На заседании комитета по социальным вопросам, образованию, науке, культуре и здравоохранению Кыргызской Республики депутаты одобрили поправки в Закон «Об основах технического регулирования в Кыргызской Республике», согласно которым предлагается вывести лекарственные средства из сферы технического регулирования.
По информации «Вечерний Бишкек», Конституция Кыргызстана гарантирует неотъемлемые права граждан на охрану своего здоровья, что нашло закрепление в Законе «Об охране здоровья граждан в Кыргызской Республике». В соответствии с другим Законом — «О лекарственных средствах» — государство обеспечивает проведение единой национальной политики в области обеспечения населения качественными, эффективными и безопасными лекарственными средствами.
«Для большинства товаров безопасность — это абсолютный критерий: товар должен быть безопасен для жизни и здоровья потребителя при обычных условиях его использования. Однако лекарственные средства являются особенным товаром, так как они существенно отличаются от других товаров по критериям безопасности. Невозможно регулировать безопасность лекарственных средств в отрыве от обеспечения их эффективности и качества, так как применение больными неэффективных и некачественных лекарственных средств (но безопасных для здорового человека), в конечном итоге может привести к смерти больного человека, так как не принесет ему требуемой помощи ввиду бесполезности такого «лекарства», — указано в справке-обосновании законопроекта.
Согласно действующему Закону «Об основах технического регулирования в Кыргызской Республике» технические регламенты с учетом степени риска причинения вреда устанавливают минимально необходимые требования по обеспечению всех видов безопасности.

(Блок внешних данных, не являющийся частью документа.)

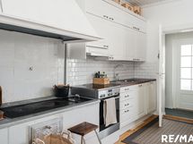 - Keittiön varusteet: Uuni, liesituuletin, astianpesukone, puuhella, jääkaappi, liesi ja mikroaaltouuni. Liesi: Keraaminen liesi. Työtason materiaali: Laminaatti.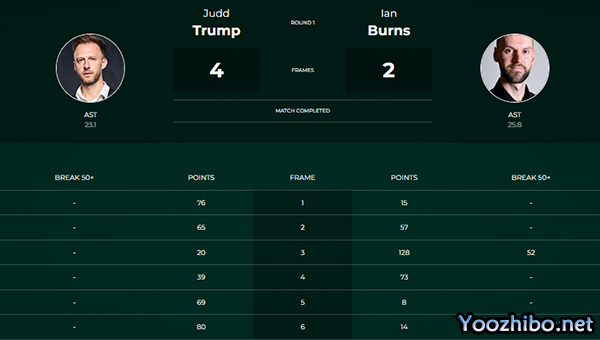 北京时间10月26日,2023斯诺克北爱尔兰公开赛第3轮中,特鲁姆普对阵伊恩-伯恩斯,特鲁姆普以76-15、65-57、20-128、39-69、69-8、80-14,总比分4-2击败对手伊恩-伯恩斯,顺利晋级下轮!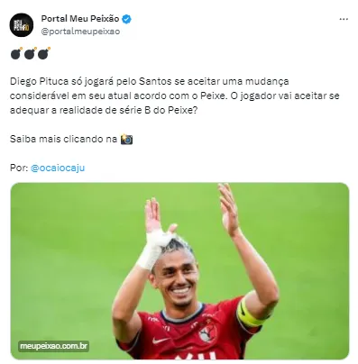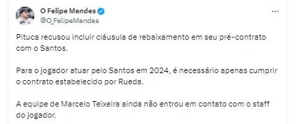 “Pituca recusou incluir cláusula de rebaixamento em seu pré-contrato com o Santos. Para o jogador atuar pelo Santos em 2024, é necessário apenas cumprir o contrato estabelecido por Rueda. A equipe de Marcelo Teixeira ainda não entrou em contato com o staff do jogador”, publicou.

«В связи с тем, что после выхода технического регламента «О безопасности лекарственных средств» стандарты Министерства здравоохранения будут носить добровольный характер, возникнут большие проблемы с обеспечением необходимого уровня качества, эффективности и безопасности лекарственных средств. Так как невозможно гарантировать благоприятное соотношение пользы и риска лекарственных средств путем предъявления требований исключительно к готовому продукту, что обусловливает необходимость предъявления требований и к деятельности, связанной с их обращением на всех этапах жизненного цикла. Во всем мире существует система обязательной стандартизации сферы лекарственного обращения. Основной целью устанавливаемых правил является обеспечение здоровья граждан при потреблении лекарственных средств», — говорится в справке-обосновании законопроекта.
Там же указывается, что в международной практике, в соответствии с рекомендациями Всемирной организации здравоохранения и других международных организаций, существует система базовых отраслевых, профессиональных стандартов для каждого этапа сферы обращения лекарственных средств. В соответствии с ними в каждой стране принимаются национальные правила (или стандарты), призванные обеспечить качество лекарственных средств на всех этапах их обращения.
В Кыргызстане стандартизация в сфере обращения лекарственных средств осуществляется в соответствии с решениями Межгосударственной комиссии по стандартизации, регистрации и контролю качества лекарственных средств, изделий медицинского назначения, медицинской техники государств — участников СНГ.
Министерством здравоохранения неоднократно предпринимались попытки исключить лекарственные средства и стандарты медицинской и фармацевтической деятельности из сферы технического регулирования. Минюст в свою очередь предложил инициировать соответствующий проект нормативного правового акта о включении в названный закон положений о нераспространении его действия на фармацевтическую продукцию, а также стандарты медицинской и фармацевтической деятельности и о нецелесообразности создания дополнительного специализированного органа, занимающегося регулированием лекарственного рынка с позиции качества продукции, так как в схему управления Министерства здравоохранения входит специализированный орган — Департамент лекарственного обеспечения и медицинской техники.